Catatan Akhir Tahun (2020)

953 234 313
                                    

Akan ada saatnya kamu berterima kasih kepada masa-masa sulit.

Masa yang mengantarkanmu mencapai proses pendewasaan.
Menjadi dewasa adalah mutlaknya kehidupan, sesuatu yang tak terhindarkan.

Seiring bertambahnya usia akan semakin banyak perihal yang jauh lebih kompleks, kehilangan yang lebih brutal hingga pesakitan-pesakitan yang lebih lacur.

Tapi itu semua adalah cikal bakal untuk lebih tangguh, berpikir lebih luas, dan berdada lebih lapang.

Dunia tak menyediakan hal sempurna, jadi mulailah menerima cela tanpa menjadi hina.

Dunia mungkin telah menghancurkanmu dengan begitu kejam, hingga kau muak untuk melanjutkan perjalanan.

Menjalani hidup memang tak semudah teori-teori yang dikultuskan.
Karena sebanyak apapun Motivator memberikan pitutur, tentang dirimu tetap kau yang paling tahu ukur.

Tapi jangan langsung menepikan diri, karena terkadang kau juga perlu berbagi sudut pandang agar lebih lapang dan tak berpusat pada satu sisi.

Lalu bagaimana kabarmu di sepanjang tahun ini?

Seberapa banyak bahagia dan kehangatan yang sudah kau syukuri?
Atau barangkali seberapa banyak lara yang mendominasi?
Adakah keinginan menyerah dan muak pada semesta?

Kau tahu?
Dengan sampainya langkahmu di sini adalah bukti bahwa kau lebih tangguh dari segala luka yang dunia sajikan.

Kau lebih hebat dari pradugamu,
lebih mulia dari rasa hinamu.
Atas segenap pengorbanan,
kau pantas untuk tetap ada.

Untuk diriku, aku berterima kasih karena kau mampu bertahan sampai di titik ini, mampu melewati beberapa tanggal yang rasanya ingin berhenti.

Aku tahu rasanya terlalu lelah.

Seolah tak adil, seolah paling menderita, seolah adamu terlupakan.

Untuk segenap kesanggupanmu, ketabahanmu, ketangguhanmu.
Apresiasi dan dekap hangat untuk jiwamu.

Tahun ini sepertinya memang menjadi tahun duka bagi dunia.
Tentang bagaimana merajalelanya virus corona, dan diri yang seolah distance dari bahagia.

Bagaimana tidak?

Tahun ini aku sempat kehilangan makna menjadi manusia.
Semesta terasa asing untukku tinggali, singkatnya aku kehilangan jati diri.
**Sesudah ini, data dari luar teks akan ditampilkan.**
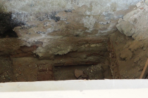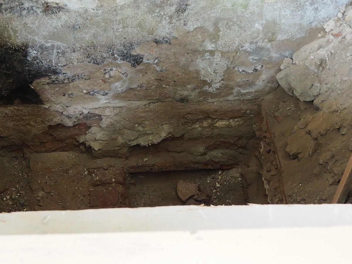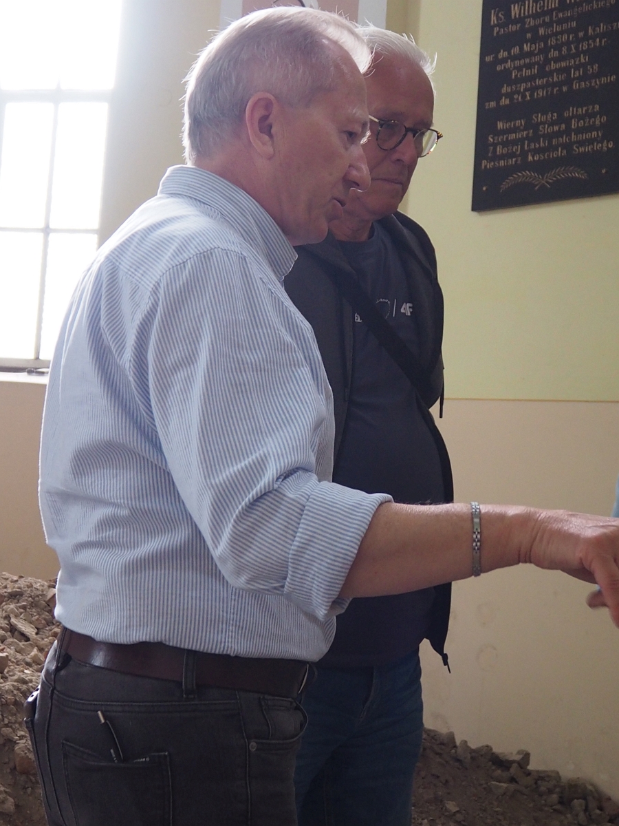 Uwagę uczestników spotkania przykuwały otwory na ścianach i dziura w podłodze. Dziury w ścianach to odwierty gdzie kiedyś były okna. Czekamy na odkrycie tych fragmentów ścian znajdujących się 3 m poniżej posadzki. Widoczna dziura to tylko 1,80 metra poniżej posadzki kościoła, co będzie 3 m poniżej? Co zostanie odkryte?. Zadanie jest współfinansowane z budżetu Samorządu Województwa Łódzkiego.

Sepanjang hari hanya repetisi membosankan yang berisi cambukan sepi, langkahku gontai sendiri.

Aku menjadi sosok amoral yang sukar dipahami.
Banyaknya kehilangan telah mengeraskan dinding hati.
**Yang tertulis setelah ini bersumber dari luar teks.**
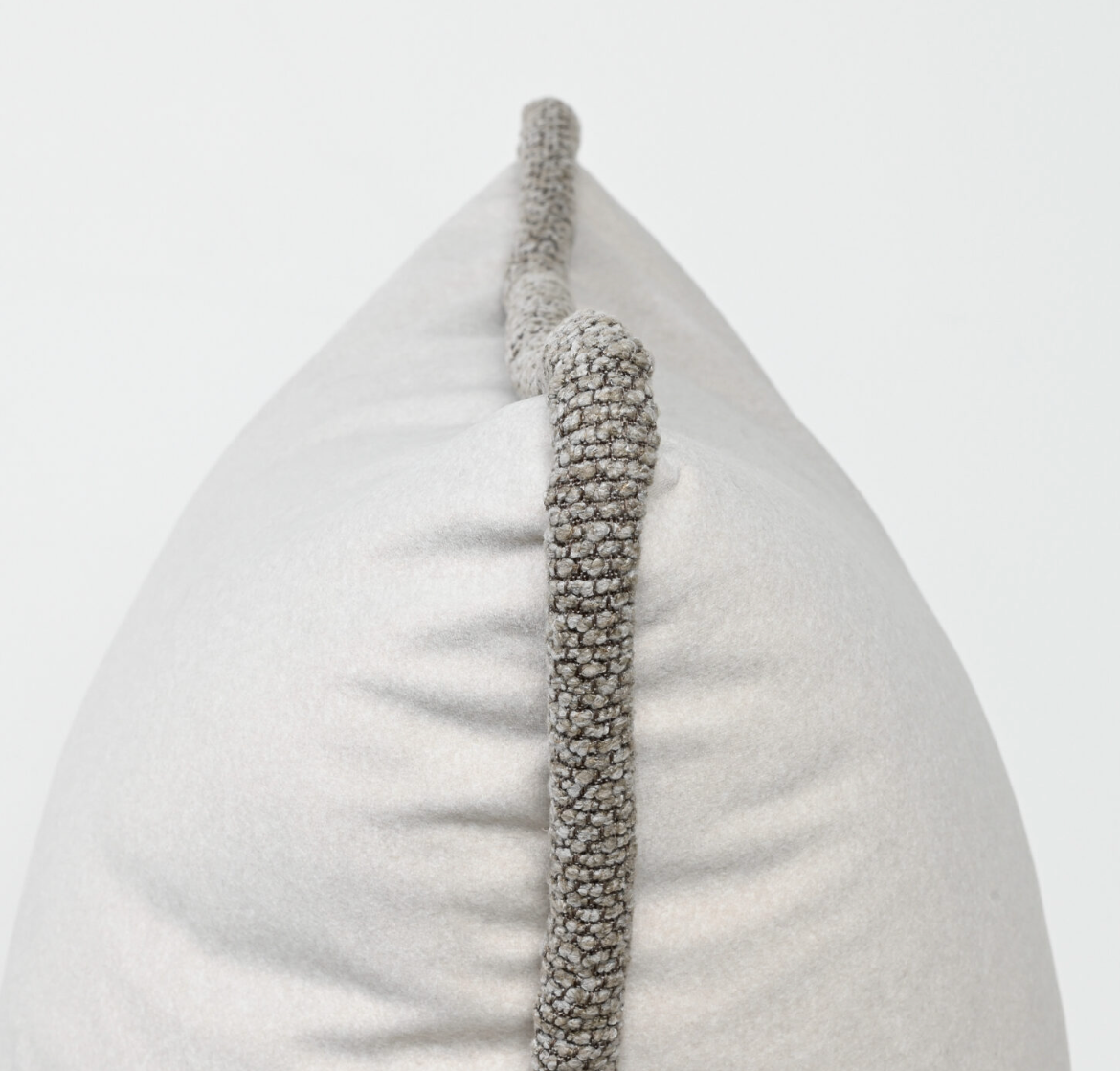 This beautiful cushion has a soft mohair or felt feel fabric on both sides, with a thick woven cappuccino coloured trim. The cushion exudes a simple elegance which will be equally comfortable in a formal or relaxed setting, and easy to pair with other natural tones. As with all our cushions, it includes our signature generous feather fill and is available in a square and rectangular shape.

Aku bagai anak kucing pesakitan yang menolak didekati.

3 tahun ini rasanya seperti tabrakan beruntun.

Sedikit cerita dengan memundurkan alur,

Kukira September 2018 adalah tahun paling mendung, hingga abrasi menjadi fenomena sehari-hari.

Tapi nyatanya perihal kehilangan akan terus ada sepanjang kehidupan. Kehilangan menjelma perhiasan yang mengiringi jalan.
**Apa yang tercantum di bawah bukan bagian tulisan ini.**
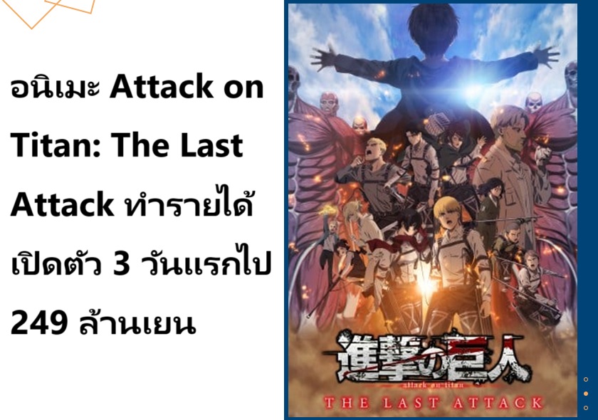 อนิเมะ Attack on Titan: The Last Attack ทำรายได้เปิดตัว 3 วันแรกไป 249 ล้านเยน

Tahun itu tak legam dalam ingatan, tentang cerita jatuh cinta yang kukira tak akan berakhir patah hati. Tentang asmara yang lenyap tanpa pertikaian.

Aku masih tergila-gila akan hal-hal manis yang pernah kita lalui.
Hingga diri menjelma si melankolis yang rentan menangis.
Aku kalut dalam getir kehilangan.

Kau adalah luka yang kuagungkan,
patah yang enggan tergantikan.
Baru kusadari miliaran manusia tak jua mampu membuatku jatuh hati, namun setitik tentangmu begitu menarik hati.